Provided data>
+ + + + +

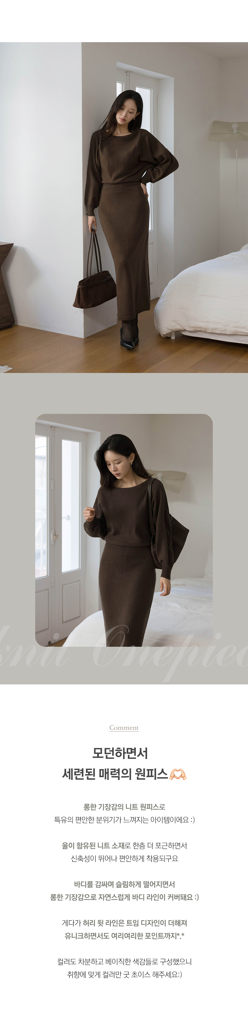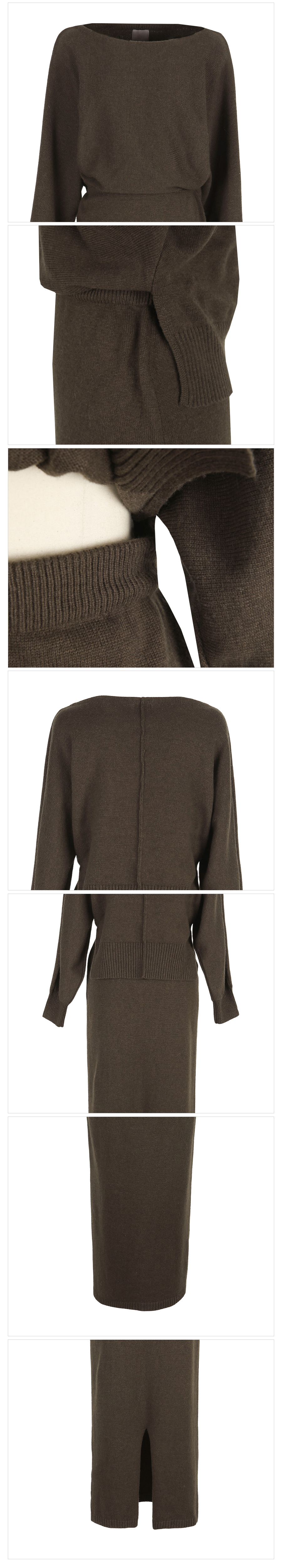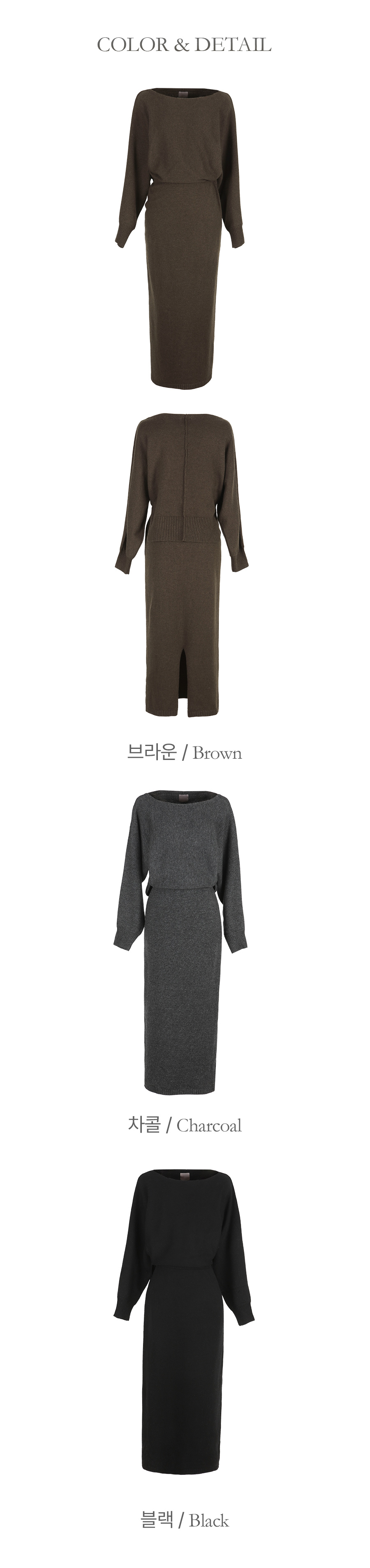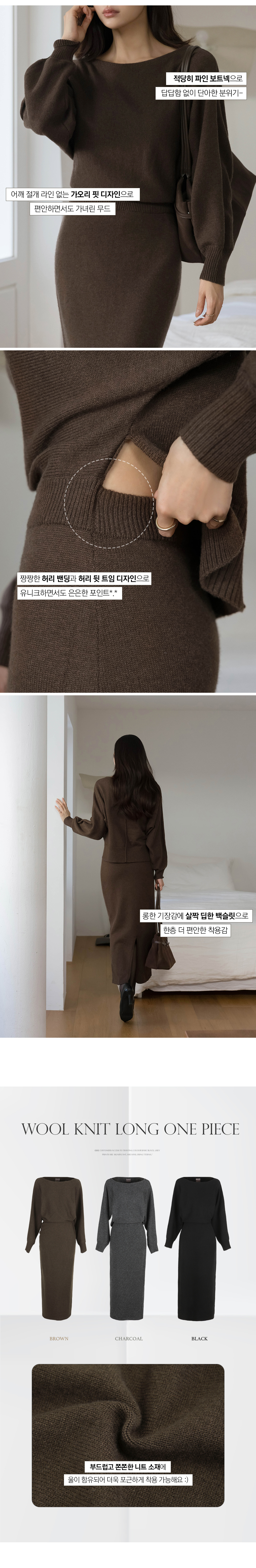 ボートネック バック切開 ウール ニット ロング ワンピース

+ + + + +

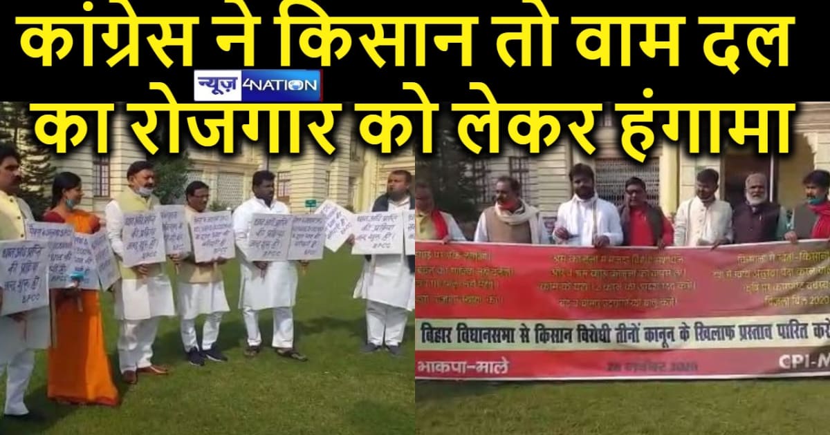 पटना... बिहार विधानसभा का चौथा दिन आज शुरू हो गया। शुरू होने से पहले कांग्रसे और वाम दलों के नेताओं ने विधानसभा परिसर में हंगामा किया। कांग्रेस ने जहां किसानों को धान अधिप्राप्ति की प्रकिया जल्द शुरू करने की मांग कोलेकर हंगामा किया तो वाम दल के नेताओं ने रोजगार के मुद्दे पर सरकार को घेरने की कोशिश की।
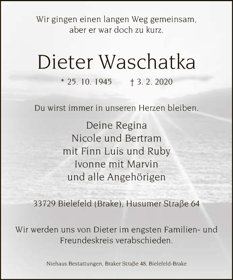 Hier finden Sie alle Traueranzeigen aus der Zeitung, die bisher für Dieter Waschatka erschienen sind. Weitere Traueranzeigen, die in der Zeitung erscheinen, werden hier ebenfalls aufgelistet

+ + + + +

Task to complete> Copy word for word the span of the records above that begins at the line with "पटना... बिहार विधानसभा" and ends at the line with "Hier finden Sie", including those two lines but not the pictures.

Output below>
 पटना... बिहार विधानसभा का चौथा दिन आज शुरू हो गया। शुरू होने से पहले कांग्रसे और वाम दलों के नेताओं ने विधानसभा परिसर में हंगामा किया। कांग्रेस ने जहां किसानों को धान अधिप्राप्ति की प्रकिया जल्द शुरू करने की मांग कोलेकर हंगामा किया तो वाम दल के नेताओं ने रोजगार के मुद्दे पर सरकार को घेरने की कोशिश की।
 Hier finden Sie alle Traueranzeigen aus der Zeitung, die bisher für Dieter Waschatka erschienen sind. Weitere Traueranzeigen, die in der Zeitung erscheinen, werden hier ebenfalls aufgelistet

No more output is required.